I found this article of poor quality.
Why does the Stateless Approach section not bring up the CAP theorem? It has the same issues as the distributed file system.
Why doesn’t the author suggest putting your data in a database? Using something like an RDBMS gets you off your single server at the cost of availability.
Why doesn’t the author talk about how to get around the CAP theorem. For example, if you craft your data intelligently you can be eventually consistent.
This is just weak sauce advice.
Ah, I see the source of your confusion.
This article doesn’t mean to talk about traditional database state at all. That’s a completely separate topic. All we’re talking about here is file system state. Which is why in the Stateless Approach section, there’s no need to discuss CAP, because nothing is being distributed. The file system is either read only, or completely temporary.
Similarly, the An Alternative approach hopes to address the idea that you can get around the CAP theorem for file systems. The summary is: you can’t, if your app is expecting POSIX semantics.
Perhaps I’m misunderstanding this sentence:
It might be as simple as switching to uploading files to S3 instead of the file system, though this will also mean converting your code to use an S3 library for manipulating files
This implies to me that when writing to a file you push to S3 rather than the local filesystem.

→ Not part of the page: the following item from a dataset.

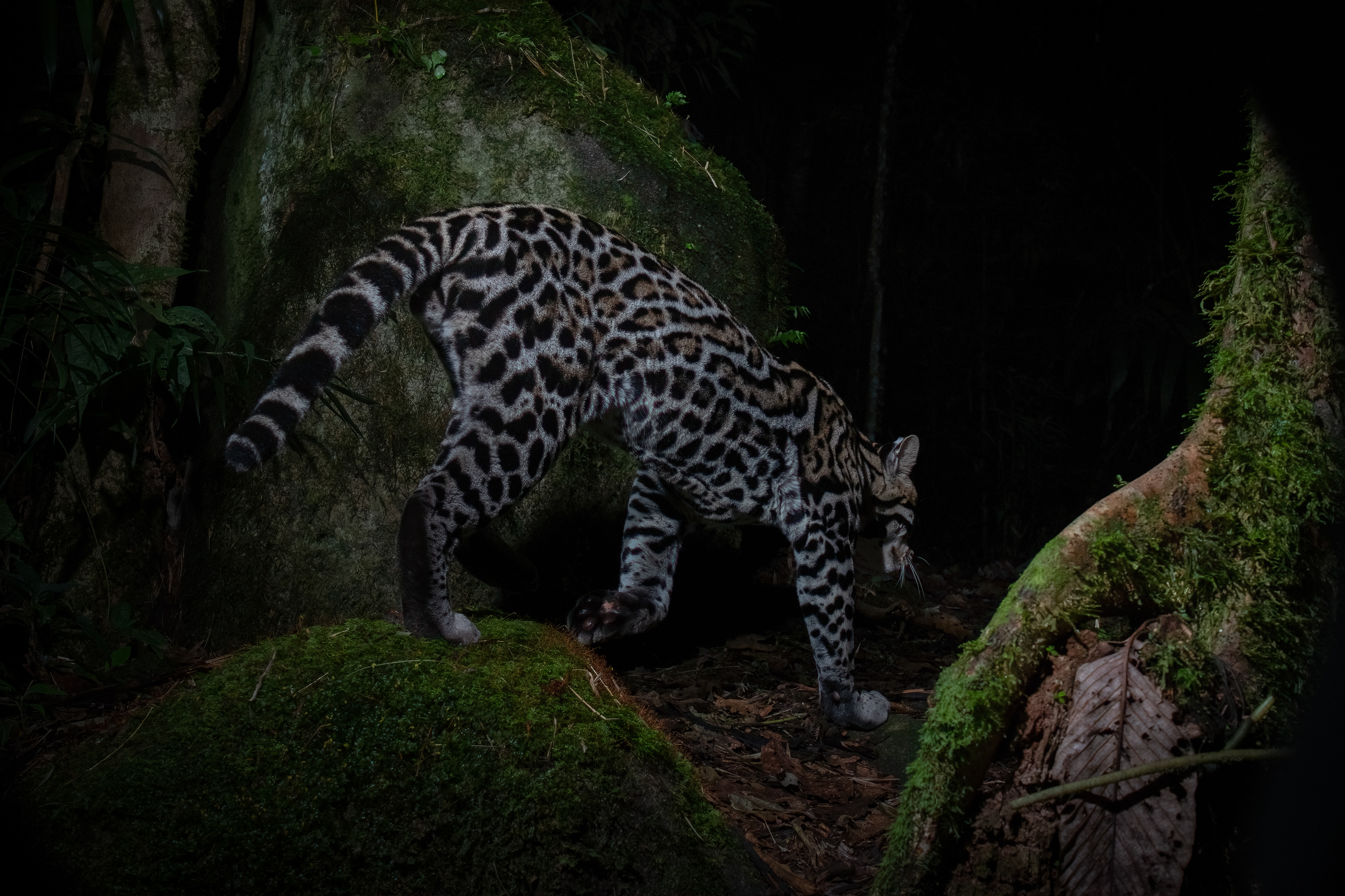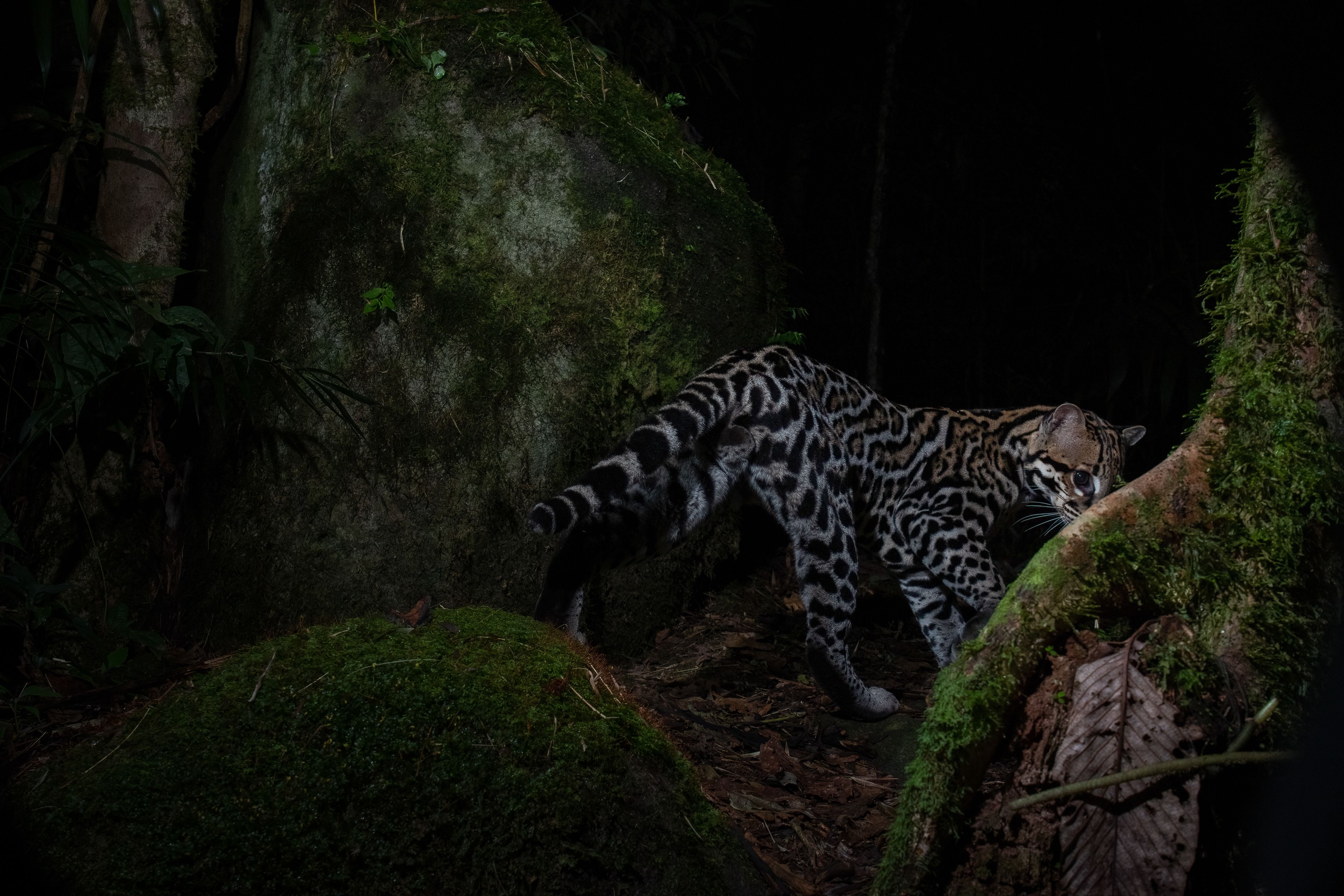 A melanistic oncilla passed my DSLR camera trap deep in primary forest. This is an incredibly rare capture and is in fact the first of its kind. I have not seen and cannot find any images of this species with the melanistic gene expressed, with a DSLR camera trap.

Regardless, I think this post leaves a lot to be desired and is more-or-less a fluff piece.
Your understanding of that sentence is correct. What I’m suggesting is that for any file you need to persist, you write it directly to a service like S3. For anything temporary, write it to the filesystem as normal.

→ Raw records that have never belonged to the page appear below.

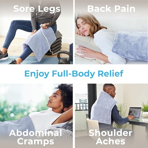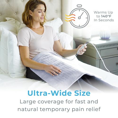 Pure Enrichment PureRelief – Almohadilla térmica de microfelpa ultra ancha, tamaño XXL de 20 x 24 pulgadas y 6 ajustes de calor para alivio temporal del dolor de cuello, hombros y espalda, opción de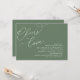 Anuncie a sua alegria para sempre em estilo com o nosso moderno cartão de convite para celebração de chás de panela do sábio verde da floresta (Saúde para amar). Com seu design sofisticado, mas lúdico, este convite certamente define o tom de um evento inesquecível. O cartão de convite apresenta um design moderno de escrita minimalista, acrescentando um toque de elegância do eterno à sua celebração. Projetado por TeeshaDerrick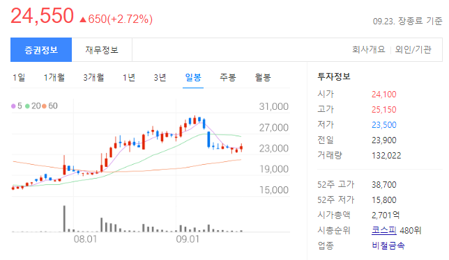 비철금속 관련주인 풍산, 고려아연, 현대비앤지스틸, 쎄니트, 이구산업, 삼아알미늄, 티플렉스에 대해서 알아보자.

This post is the fourth in a series:
The series as a whole is attempting to address the question:
“I have a legacy off-the-shelf app like WordPress that expects to be able to write files to the local filesystem. How do I deploy this app in the cloud while taking advantage of everything the cloud has to offer.”

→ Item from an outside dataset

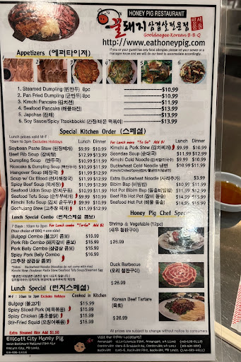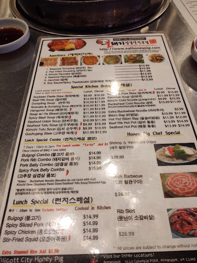 Note: This review is on food quality and service, and I expect reader to know what Korean food is all about. So if you have not familiar with Korean BBQ and you are looking for food description, you will not see lots of that in this review. Review and comparison to other Honey Pig: This honey pig location is good. If you are looking for a relax place to eat, talk loud, and drink alcohol, Honey Pig would be the place to be. The interior theme is like going street restaurant/food place. The music inside is fairly loud, and the vibe is "chill". Like I said, street vending is the theme. Ive been to the original Honey Pig in Annandale, VA, and the new one in Germantown, MD. This Honey Pig location have fresh food and good service. I do have to say that this location services have been going down ever since they opened the Germantown location. I understand the reason why this location quality is going down, and thats because they are pulling resources to their new location (thats my business analysis). So, when you are used to a certain quality and then it changes for the worse, you will want to question management on what they are thinking. In all, I am satisfied with this locations food and service compared to the Germantown one. Ive not been back to the Annadale one in more than 5 years (so dont ask). Lots of things could change over that time span. Germantown location gives you less (meat) with the same pricing, and they are slow on their service. The Germantown locaiton have waiter/waitress standing around but they will not come over to see how you are doing or fill up on your drinks. One of the biggest things about having good service at a restaurant is being prompt with drinks refill. In conclusion, I recommend going to Ellicott City location compared to Germantown location. Food is fresh and good, and the service is better than the other locations. FYI: if you are expecting great service like Ruth Chris, Mortons, or somewhere fancy, be ready to be disappointed. Honey pig service is closely comparable to going to a Chinese restaurant and their pricing is on the upper end of the scale. Update (01/2017): Their Ellicott City location service have not been as good as it used to be. Its actually gotten worse. I also want to make a note that I ate something that tasted like a COCKROACH in my salad. It is those little salad bowl they initially give you when you first order food. I firmly believe that is was a roach, but when i spit the salad out, everything was a crewed, and I did not want to dig through to confirm it. I was already sick to my stomach and at that moment I was so grossed out that I didnt want to confirm it. I lost my appetite for everything that came after.

A lot of people approach this problem by deploying WordPress (or whatever) onto a single server, and just scaling that up. But this is no different from the traditional VPS model of hosting! You may as well not use a PaaS. You’re certainly not getting your money’s worth if you’re doing this. (And you’re going to get a nasty shock when AWS “degrades” your single instance…)
But if you want to distribute something like WordPress across multiple instances, then some changes need to be made. And this series attempts to explain what those changes are, and why they are necessary.
Your understanding of that sentence is correct. What I’m suggesting is that for any file you need to persist, you write it directly to a service like S3.
Which puts you right back into CAP land.
Ah, no. Well, it’s different. Off-the-shelf apps like WordPress assume a POSIX interface for writing out files. That’s where the problem lies. You can’t distribute that without changing your assumptions. So if you change your code to write any files that must be written to something like S3, you are changing those assumptions.
There’s no need to mitigate it any more, because you’re embracing it.
Is S3 as flexible as local files? Can you open an S3 file in append mode?
An issue I’ve encountered when building systems on top of networked file stores is that operations like truncate, append, and inotify are not available. This stymies developers who don’t know the design patterns for working on data systems without those features.
The article states:
Consistency, availability, and partition tolerance. Pick two.
It’s been pointed out that this formulation of the CAP theorem doesn’t make sense. You can’t pick CA.
Oh. I saw this a while back, but didn’t get a chance to read it. Thanks for reminding me!
I think that the author left out an important class of sharable POSIX filesystems: Lustre, Gluster, NFS, MapR, and the like.
These filesystems accept varying degrees of write load, but all scale to hundreds, or even thousands, of machines, if operated properly (and not used in a general purpose way). Applying these correctly, a business can avoid a costly refactor of a filesystem-based app, but still scale out effectively.